Читаем Символ и сознание полностью

Интерпретированный нами философский материал говорит о том, что любая попытка предметного истолкования изначальных образов философского умозрения древности ведет к ошибкам историко-философского рассмотрения. Этот материал говорит о том, что такие термины как "стихия", "атом", "поток" и аналогичные им, не предполагают мира, анализируемого согласно научной процедуре. Мы не можем разложить объекты мира на такие составные части, которые мы назовем стихиями или атомами, потому что при всех скидках на архаизм какого-то умозрения, очень странным кажутся банальные мысли о 4 или 5 элементах, странным кажется такое несоответствие творческой эмоции и психической энергии, затраченной на утверждение того, что "стихии есть", с интеллектуальной бедностью этих разработок. И эта интеллектуальная бедность остается пока мы пытаемся интерпретировать смысл стихий просто как позитивное утверждение о мире: мир состоит из воды, земли и других элементов. Никакая скидка на развитие (или неразвитость) теоретического мышления не устраняет этого недоумения, которое можно скрыть (как это делает большинство авторов книг по истории древней философии), но трудно не испытать. Человек не может начинать мыслить, если он вообще мыслит, скорее в данном случае речь идет о том, чтобы начать "не мыслить" в смысле непосредственного понимания первичных символов, что только и дает пищу для позитивного объектного мышления, которое не начинается как "неразвитое", "примитивное" и т. п. Недоумение устраняется, когда мы вдруг понимаем, что, собственно говоря, это символы, фиксирующие определенный тип отношений космоса и человеческого микрокосма, "указывающие" человеку на ту среду сознания, в которую он "попал" и в которой только и могли образоваться первичные содержания теорий позитивного научного мышления.

В этой связи можно привести несколько самых случайных интерпретаций, высказываний и предложений чисто научного характера. Общеизвестно высказывание американского физика Фейнмана, который сказал, что если бы его попросили произнести фразу, с его точки зрения, содержащую максимальную информацию, то он сказал бы, что "Все тела состоят из атомов". Для этой фразы мы предлагаем очень простую, до жалкости простую сознательную (в смысле сознания) интерпретацию. Для Фейнмана понятие атома здесь явилось словом (знаком!), имеющим совершенно четкий психический (в смысле восприятия им физической реальности) денотат, не имеющий ничего общего с символической жизнью сознания.

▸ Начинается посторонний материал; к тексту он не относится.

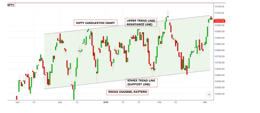 1. Up trending Channels or Rising Channel- also known as "Ascending Channels" 2. Down trending Channels or Falling Channel- also knowns as "Descending Channels" 3. Horizontal Channels or Flat Channel - defined by two horizontal lines.

Но эта фраза имеет свой смысл внутри спекулятивного подхода, то есть научного же, но на более высоком уровне рефлексии. Будучи трансформированной во фразу: "все дискретное в несознательной жизни мы можем себе представить как дискретную атомарность", она будет значить, что атом здесь выступает как знак несознательной жизни. Причем совершенно очевидно, что здесь мы имеем дело с двумя терминами одной степени абстракции, одного ранга рефлексии – "атом" и "тело". Любой современный физик, если он не сошел с ума, должен будет признать, что понятие атома и понятие тела остаются в принципе понятиями одного и того же уровня (хотя они в бытовом мышлении всегда воспринимаются как понятия двух уровней, поскольку тело нам дано в непосредственном восприятии, а атом не дан).

Дальнейшая интерпретация такова, что то "ничто" позитивного знания, которое Фейнман называет "телом", состоит в нашем рассмотрении из тех "ничто", которые "Я", выступая в том же качестве, называю "атом".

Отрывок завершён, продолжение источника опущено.